- Study shows orally-delivered GLP-1 is able to stimulate insulin release
- Results to be published in peer-reviewed journal
- Proof of concept efficacy study on reduction of food intake planned for
2007
TARRYTOWN, N.Y., March 29 /PRNewswire-FirstCall/ -- Emisphere
Technologies, Inc. (Nasdaq: EMIS) reported today results of two clinical
studies conducted in collaboration with Professor Christoph Beglinger, M.D.
Division of Gastroenterology and Hepatology, University Hospital Basel in
Basel, Switzerland. The objective of the study with glucagon-like peptide-1
(7-36 amide) (GLP-1) was to establish the initial pharmacological profile
and the insulin releasing activity of increasing oral doses of GLP-1 in
healthy volunteers. In addition, the pharmacokinetic effects of GLP-1 were
investigated after intravenous administration. The objective of the study
with peptide YY 3-36 (PYY) was to establish the PYY plasma concentrations
following increasing oral doses of the peptide.
The results showed that Emisphere's eligen(R) technology can orally
deliver the incretin hormones GLP-1 and PYY. The oral administration of
both peptides induced a rapid and dose-dependent, statistically significant
increase in plasma drug concentrations (p<0.05) at all doses tested versus
placebo. Additionally, the orally delivered GLP-1 induced a statistically
significant effect on insulin release in all healthy male volunteers
(p<0.05) at all doses tested versus placebo. The Company expects these
results to be published in a leading peer-reviewed scientific journal later
this year.
GLP-1 was given orally to six healthy male subjects in a six way
cross-over design. The treatment arms consisted of oral doses of GLP-1
(0.5, 1.0, 2.0 and 4.0 mg of drug) with Emisphere's delivery agent
administered as a single tablet versus placebo. Only one dose was given per
day. On a separate day, subjects received an intravenous infusion of GLP-1
(0.4 pMol/kg/min infused for 45 minutes). Blood samples were obtained for
GLP-1 and insulin concentrations. The Cmax plasma concentration for the 4
mg oral dose of GLP-1 was 300 pMol/L.
In the PYY study, the drug was given orally to six healthy male
subjects in a six way cross-over design. The treatment arms consisted of
oral doses (0.25, 0.5, 1.0, 2.0 and 4.0 mg) of PYY with Emisphere's
delivery agent administered as a single tablet versus placebo. The Cmax
value of PYY for the 4 mg oral dose had a plasma concentration of 629
pg/ml. In addition, there was a reduction of Ghrelin in all groups
administered PYY with the largest percent reduction in Ghrelin levels
observed in the 4 mg PYY dose.
"This study showed for the first time that GLP-1 was active with regard
to stimulation of insulin releases in humans after oral administration. In
the subjects receiving the highest doses of oral GLP-1, we observed nausea
effects similar to those seen when the subjects received high levels of
injectable GLP-1. The biodynamic results on insulin release and blood
concentrations indicate that oral GLP-1 could be an effective treatment in
diabetes. The PYY results in combination with the GLP results could mean
that oral PYY and oral GLP-1 could also be an effective treatment for other
diseases such as obesity. We will seek to publish these results," said Dr.

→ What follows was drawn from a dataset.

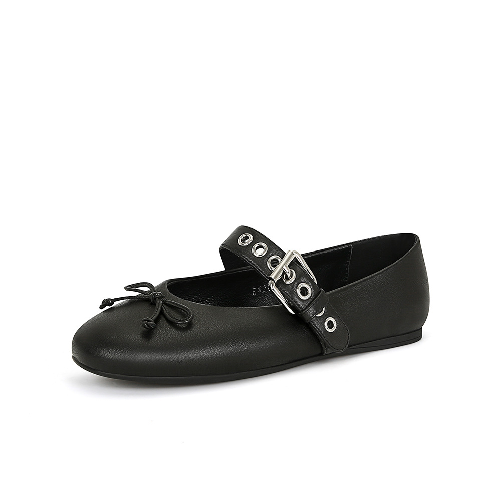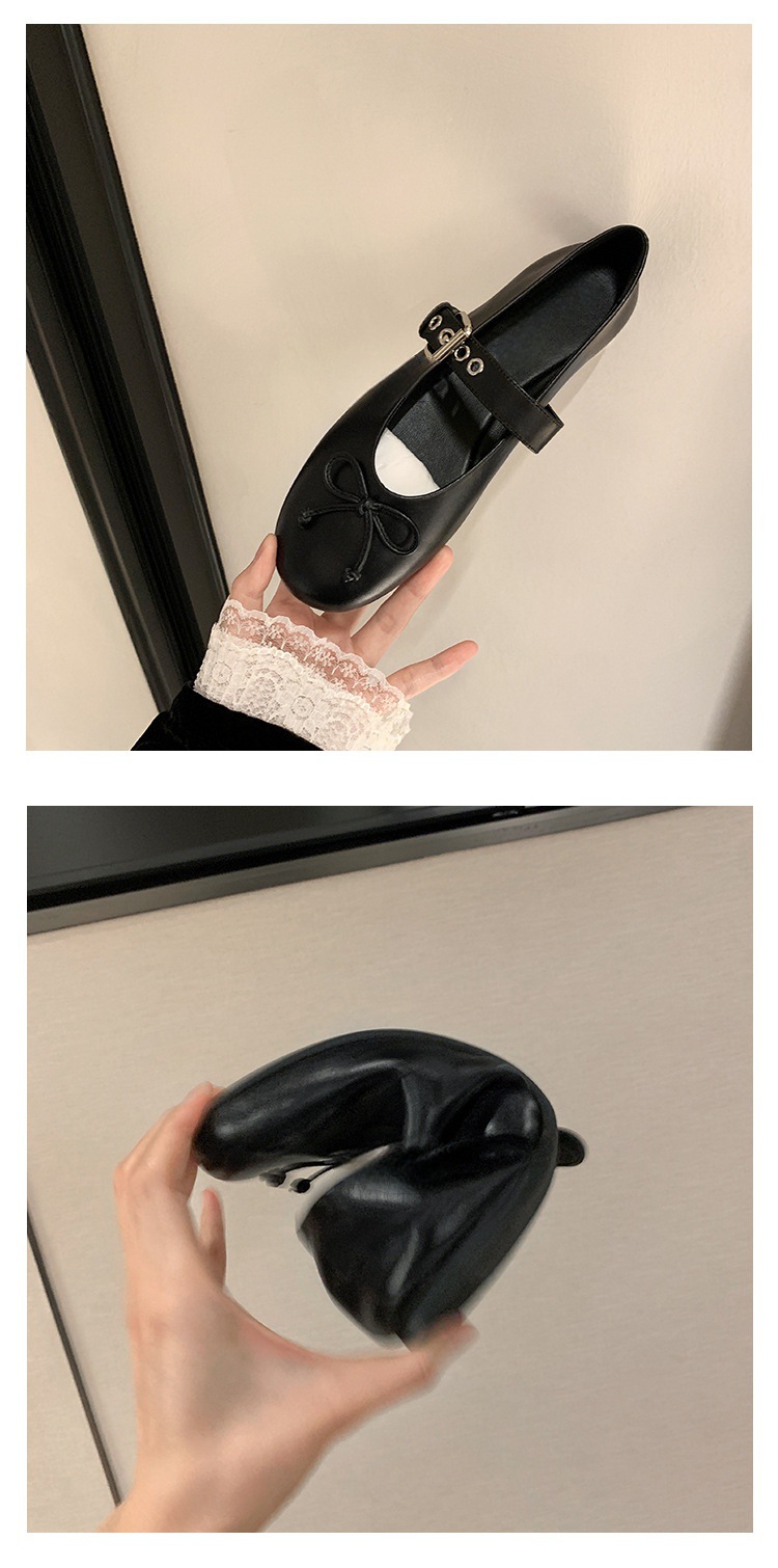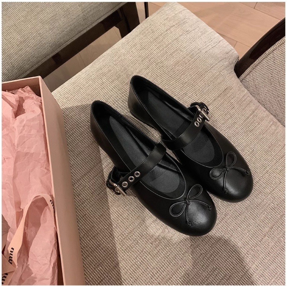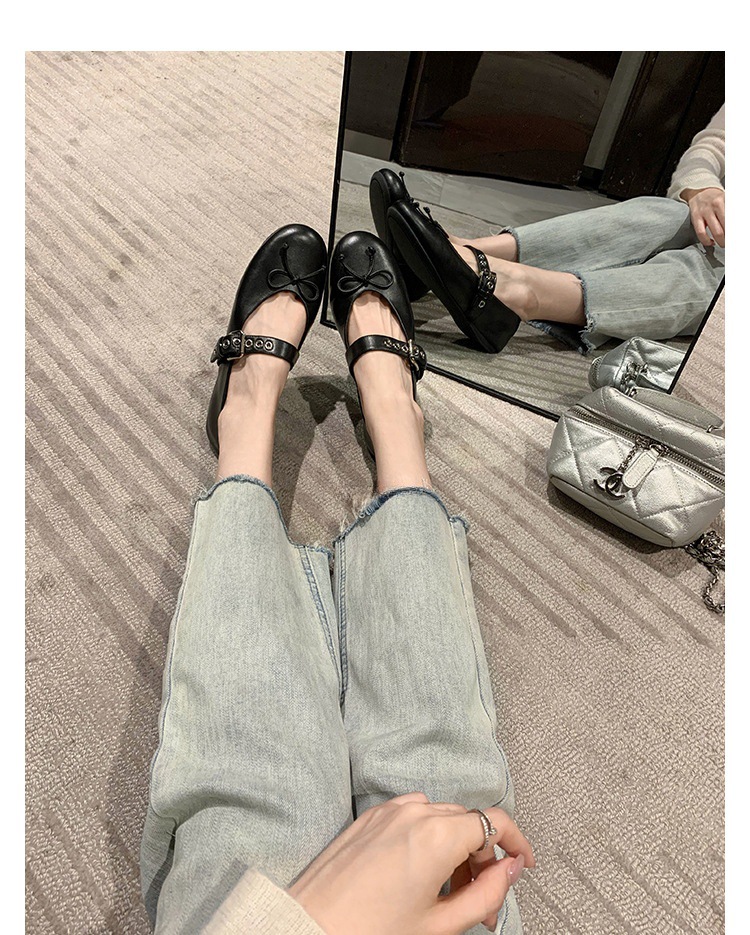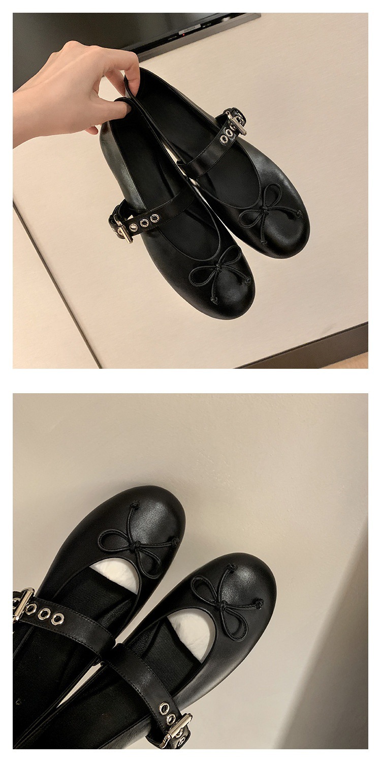 인터넷 유명인 수인인과 같은 스타일의 독특한 소녀~ 리본 장식 양가죽 플랫 발레 슈즈 여성용 메리제인 슈즈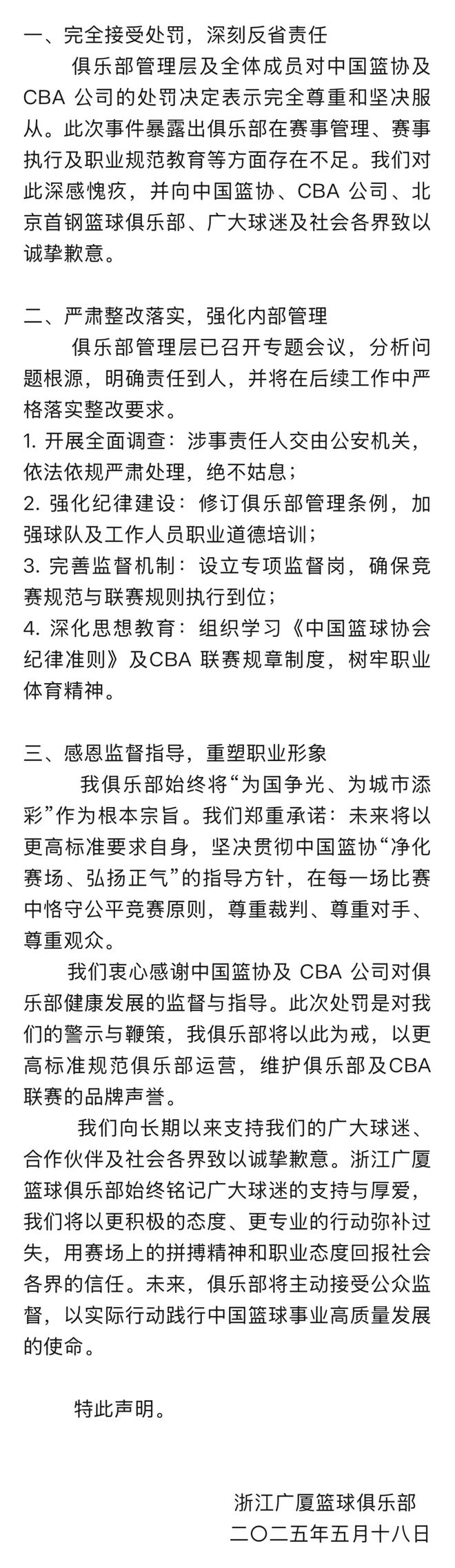 随后不久,浙江广厦篮球俱乐部发布关于诚恳接受中国篮协及CBA公司处罚的声明:

Christoph Beglinger of the University Hospital in Basel.
"We are very pleased to be working on the oral delivery of GLP-1 and
PYY with a leading academic researcher such as Dr. Beglinger in the field
of gastroenterology. The compounds GLP-1 and PYY are gastrointestinally
produced hormones and GLP-1 is already an important compound in the
treatment of diabetes as an injectable agent. Non-oral forms of these
compounds are being explored in the treatment of obesity. We are looking
forward in 2007 to initiating and completing a proof-of-concept efficacy
study on the reduction of food intake using our oral incretin products with
Dr. Beglinger," said Lewis H. Bender, President and CEO of Emisphere
Technologies, Inc.
About GLP-1
Glucagon-like peptide-1 is synthesized in intestinal endocrine cells in
two principal major molecular forms, as GLP-1(7-36) amide and GLP-1(7-37).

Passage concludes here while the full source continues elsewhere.